We iterate through the set, and each time we check to see if the element matches the element we are looking for.

In [None]:
def set_contains(s, e):
  """Checks if the set s contains the given element e."""
  for i in s:
    if i == e:
      return True
  return False

In Python we can check if an element is in a set using `in`.

In [None]:
my_set = {0, 2, 4, 6, 8}
print(0 in my_set)
print(10 in my_set)

## Question 7

Use iteration to extend the `remove` method to a `remove_multiple` function, which removes all elements in a new set from an existing set. (This is the same extension as `update` is to `add`.)

In [None]:
def remove_multiple(original_set, set_to_remove):
  """Remove all elements in set_to_remove from original_set."""
  # TODO(you): Implement
  print("This function has not been implemented.")

### Unit Tests

Run the following cell to check your answer against some unit tests.

In [None]:
set1 = {0, 1, 2, 3, 4}
set2 = {3, 4, 5, 6, 7}

print(remove_multiple(set1, set2))
# Should print: {0, 1, 2}

### Solution

We iterate through `set_to_remove` and remove each element from `original_set` *only if it exists* in `original_set`.

In [None]:
def remove_multiple(original_set, set_to_remove):
  """Remove all elements in set_to_remove from original_set."""
  for i in set_to_remove:
    # Since remove throws an error if the element is not in the set, we first
    # need to check if the element we want to remove exists in the set.
    if i in original_set:
      original_set.remove(i)
  return original_set

Again, Python has a built-in method to do this: `difference_update`. We will discuss "set difference" in more depth later in this lesson.

In [None]:
set1 = {0, 1, 2, 3, 4}
set2 = {3, 4, 5, 6, 7}
set1.difference_update(set2)
print(set1)

## Question 8

You and your roommate both have grocery shopping lists. Both of these shopping lists are stored in arrays of strings. Instead of going shopping and having to look at both lists, you want to consolidate the two lists into one. You don't care about duplicates, so you decide to take the `union` of both sets.

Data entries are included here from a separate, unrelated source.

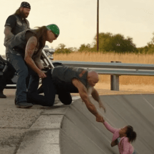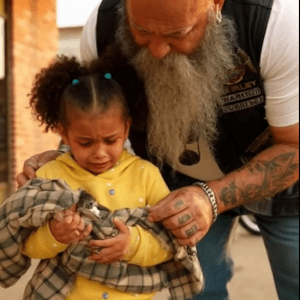 The biker who stood between a little girl and a stranger: A powerful story of courage and instant instinct
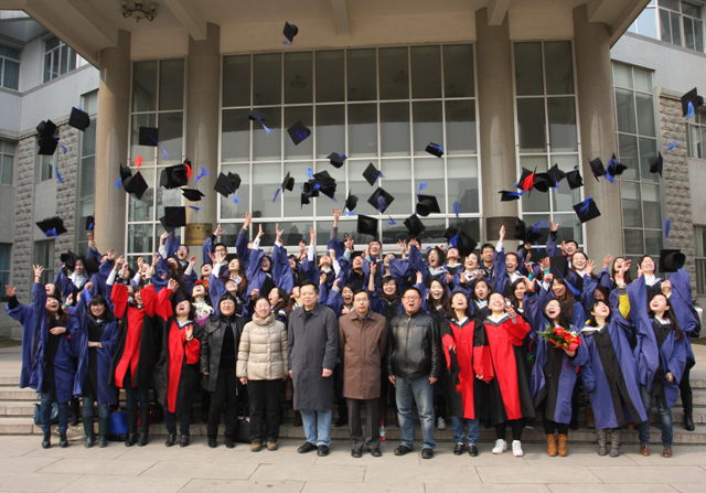 毕业典礼后的学位授予仪式上,学院院长兼学院学位委员会主席胡长文教授为全体毕业生授予了学位,并同每一位毕业生合影留念。
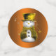 Los Navidades más amables de los hombres de nieve, confetti dorado, le dan un toque festivo y alegre a sus decoraciones navideñas esta temporada. Este confeti de Navidades tiene un pequeño muñeco de nieve vestido con chaleco de terciopelo dorado y sombrero de tope, rodeado de estrellas en un fondo naranja metálico.
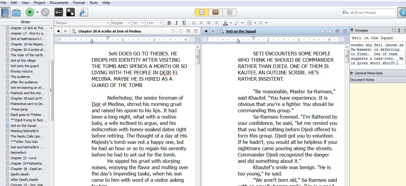 …And here it is. Each square (they look to me like index cards) is a chapter. You can label the chapters as final drafts, needing work, whatever. One last feature that I find particularly useful is the split screen. Recently, I was working on a chapter that referred directly back to something that happened near the beginning of the story. I didn’t want to open two pages and go back and forth. Scrivener allows you to split the screen:

[Union](https://en.wikipedia.org/wiki/Union_(set_theory)) is a common set operator that takes elements of multiple sets and returns one set that contains the elements that appear in *any* of the input sets.

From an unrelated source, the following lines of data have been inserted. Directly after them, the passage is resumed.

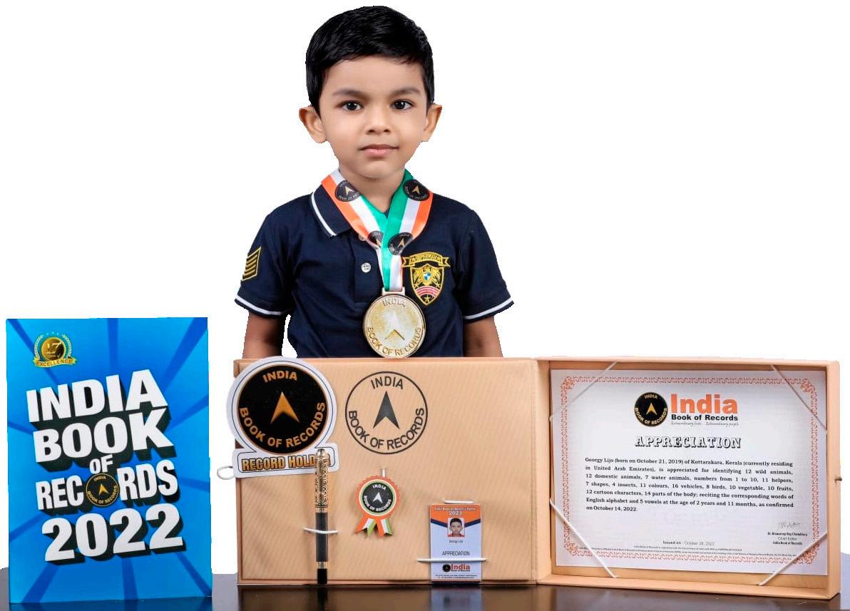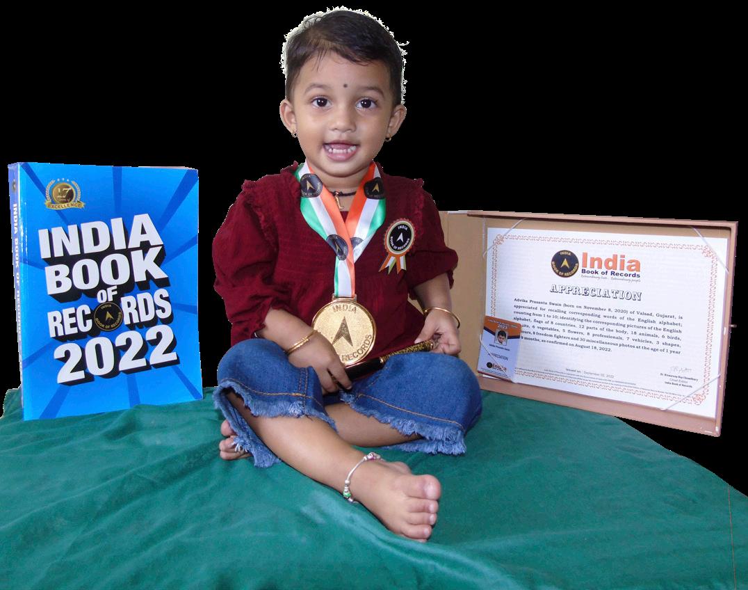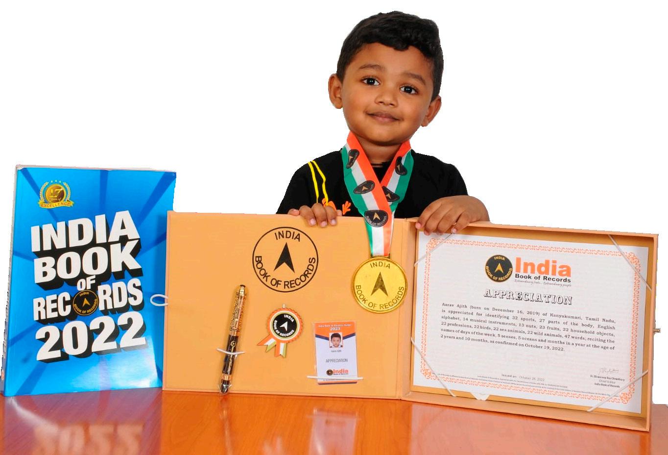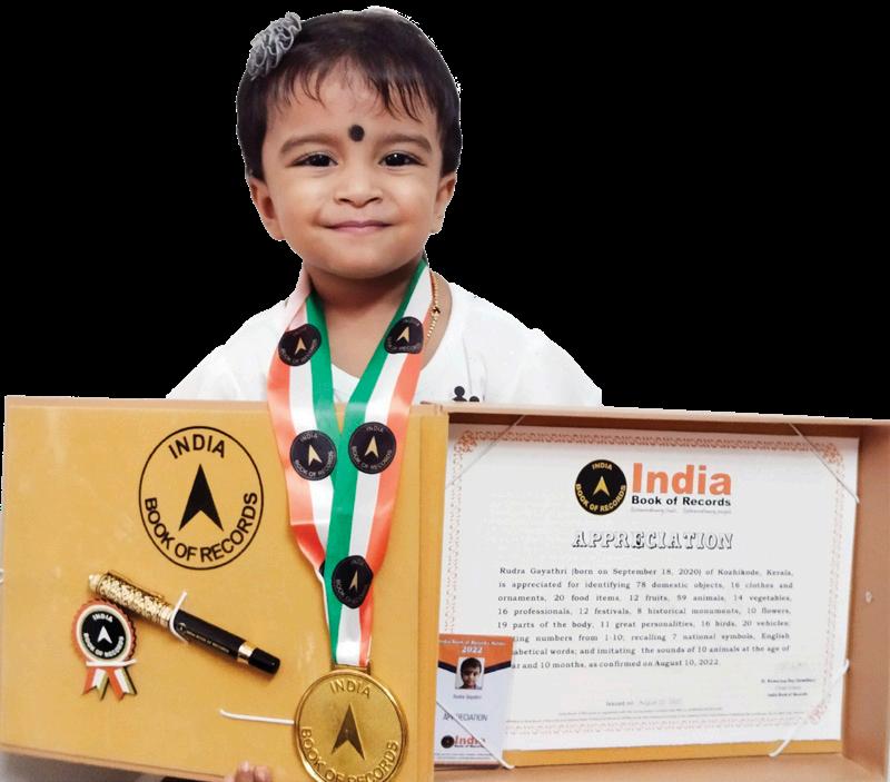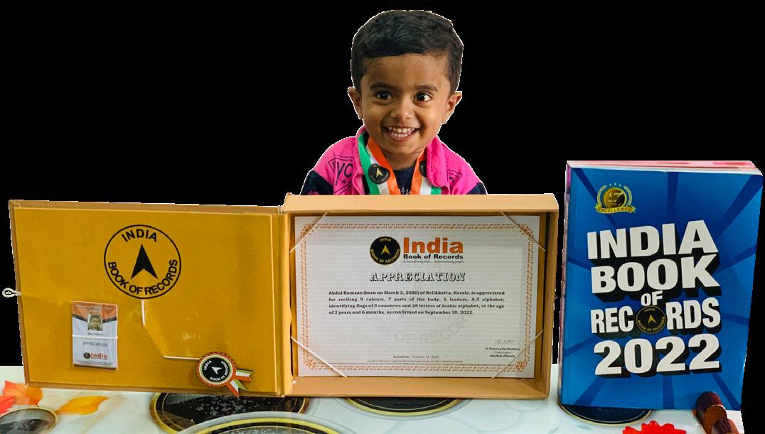 (born on December 10, 2020) of Malappuram, Kerala, is appreciated for identifying 36 birds, 25 fruits, 20 vegetables, 25 action words, 18 professionals, 23 animals, 19 flowers, 24 vehicles, 10 shapes, flags of 24 countries, 13 colours, 15 freedom fighters, 12 parts of the body, 88 random objects; and reciting letters of the alphabet from A – Z, along with 26 words, at the age of
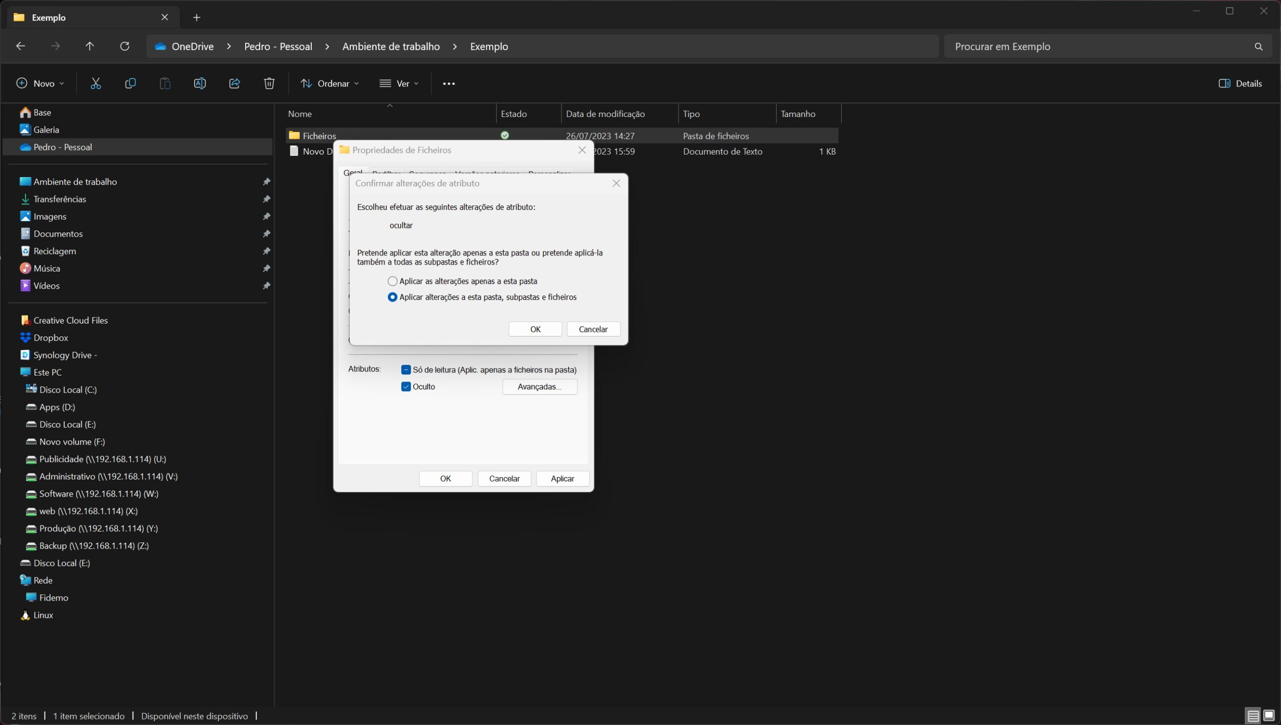 Nessa janela pode escolher se quer esconder todos os ficheiros ou se quer esconder apenas a pasta. Escolha a opção ‘Aplicart alterações a esta pasta, subpastas e ficheiros. Depois, clique em ‘OK’. E depois clique em ‘OK’ na janela das propriedades da pasta.
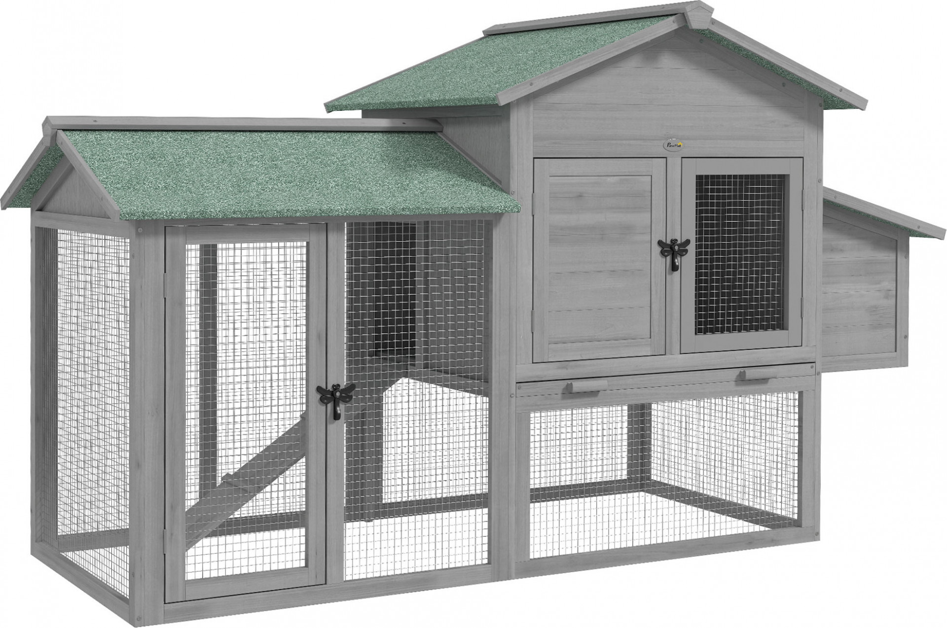 Dřevěný kurník s volným výběhem 168 x 75 x 103 cm | šedý

The union of sets $A$ and $B$ is denoted by $A \cup B$. For example, $\{1, 2, 3\} \cup \{2, 6, 5, 1\} = \{1, 2, 3, 5, 6\}$. (Note the ordering of all of these sets does not matter, since sets are unordered.)

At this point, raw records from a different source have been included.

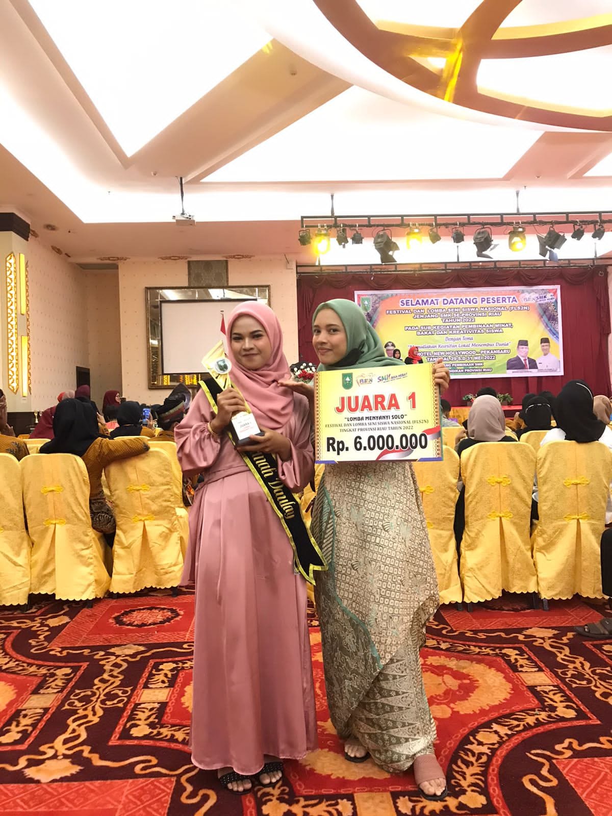 PELALAWAN | Siswi SMKN 1 Bandar Sekijang, Kabupaten Pelalawan, Provinsi Riau bernama Nurul Hasanah Daulay berhasil meraih juara menyanyi solo dalam Festival Lomba Seni Siswa Nasional (FLS2N) tingkat Provinsi Riau, dan bersiap untuk mewakili Provinsi Riau di tingkat nasional.
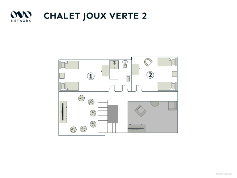 Allo Chalet Joux Verte, gli alloggi sono distribuiti su tre livelli. Entrando al piano terra, troverete due camere da letto doppie. Una ha un bagno con doccia e l'altra ha un bagno. Questo livello ha anche una pratica lavanderia con lavatrice e asciugatrice, una sauna con doccia e una toilette separata.
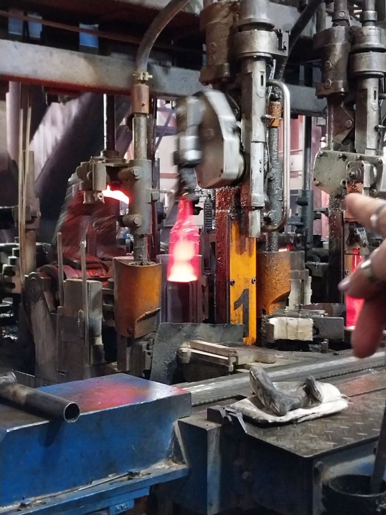 Շշի ձևը ստանալուց հետո, այն մեխանիզմների աշխատանքի շնորհիվ ընկնում էր մի գծի վրա, որով և անցնում էր իր հետագա ճանապարհը՝ դեպի ստուգում։ Ձև տվող ու փոխանցող այդ մեխանիզմը կազմված էր վեց սեկցիաներից, որոնք իրենց հերթին պատրաստում էին ապակին՝ իր ձևով, այնուհետև ուղարկում այն գծով դեպի ստուգման։ Այդպես հավասարաչափ աշխատանք կատարելով, այնքան մանրակրկիտ էր այդ պատկերը, որ շշերը միմյանց չէին դիպչում ու չէին խանգարում։ Սա շատ բարդ ու մանրակրկիտ աշխատանքի արդյունք էր։ Պետք է նշեմ, որ այս գործընթացում որոշ նյութեր, օրինակ MgO3, NaCO3-ը վերածվում են օքսիդների, այսինքն MgO2, NaCO2՝ ջերմության շնորհիվ: Այնտեղ կային նաև օգնական աշխատողներ, որոնք ջերմակայուն մկրատով վերցնում էին դեֆորմացված շշերը և նետում այն ջուրը, որպեսզի նրանք կորցնեն իրենց ջերմությունը և սառչեն, որից հետո էլ կանցնեն վերամշակումը, և գործընթացը կսկսվի նորից։ Մենք մի որոշ ժամանակով նաև մուտք գործեցինք ծրագրավորման սենյակ, որտեղ աշխատողները ծրագրավորում էին այս ամբողջ գործընթացը։ Մենք տվեցինք մեզ հուզող հարցերը և աշխատողները սիրով պատասխանեցին դրանց։ Ընկեր Արթուրը, ով ամենասկզբից մեզ հետ էր, ներկայացրեց համագործակցային կազմակերպություններին, որոնց մեծ մասը, զարմանալի չէ, որ խմիչք արտադրող կազմակերպություններ ու արտադրություններ էին։ Նաև իմացանք, որ այստեղ արտադրվող ապակե տարաները արտահանվում են նաև այլ երկրներ, մասամբ Վրաստան։ Այստեղ նաև արտադրվում էին Վրաստանի կազմակերպությունների կողմից պատվեր ձևակերպած շշերը՝ իրենց հատուկ հեղինակային իրավունքով, ձևով, չափսով, ծավալով։ Այսպիսի հետաքրքիր մասնաճյուղ էր կանաչ գույնի ապակե տարայի գործարանը։

Union can be extended from two sets to three sets as follows:

$$ A \cup B \cup C = (A \cup B) \cup C$$

The union operation can be extended to an arbitrary number of sets. In fact, the order in which we calculate set union doesn't matter; it is an [associate operation](https://en.wikipedia.org/wiki/Associative_property). Therefore, we can calculate the union of multiple sets by taking the union of any two sets, then union-ing the result with another set, then another set, etc., until we have unioned all sets.

Create a `union` function to take the union of two sets of strings. You may use any functions and methods in this lesson.

In [None]:
def union(set1, set2):
  """Return the set union of two sets."""
  # TODO(you): Implement
  print("This function has not been implemented.")

### Unit Tests

Run the following cell to check your answer against some unit tests.

In [None]:
my_shopping_list = {
    "apples",
    "chocolate",
    "salt",
}

roommates_shopping_list = {
    "chocolate",
    "apples",
    "popcorn"
}

union(my_shopping_list, roommates_shopping_list)
# Should print: {"apples", "chocolate", "salt", "popcorn"}

### Solution

This is just rewriting a method as a function! We can use `update` to extend `set1` by `set2`. It is best practice to save this in a new set using `copy`, so we don't overwrite `set1` (in case we need to use `set1` later).

In [None]:
def union(set1, set2):
  """Return the set union of two sets."""
  output = set1.copy()
  output.update(set2)
  return output

Again, Python has built-in functionality for this, `set.union`.

In [None]:
my_shopping_list = {
    "apples",
    "chocolate",
    "salt",
}

roommates_shopping_list = {
    "chocolate",
    "apples",
    "popcorn"
}
set.union(my_shopping_list, roommates_shopping_list)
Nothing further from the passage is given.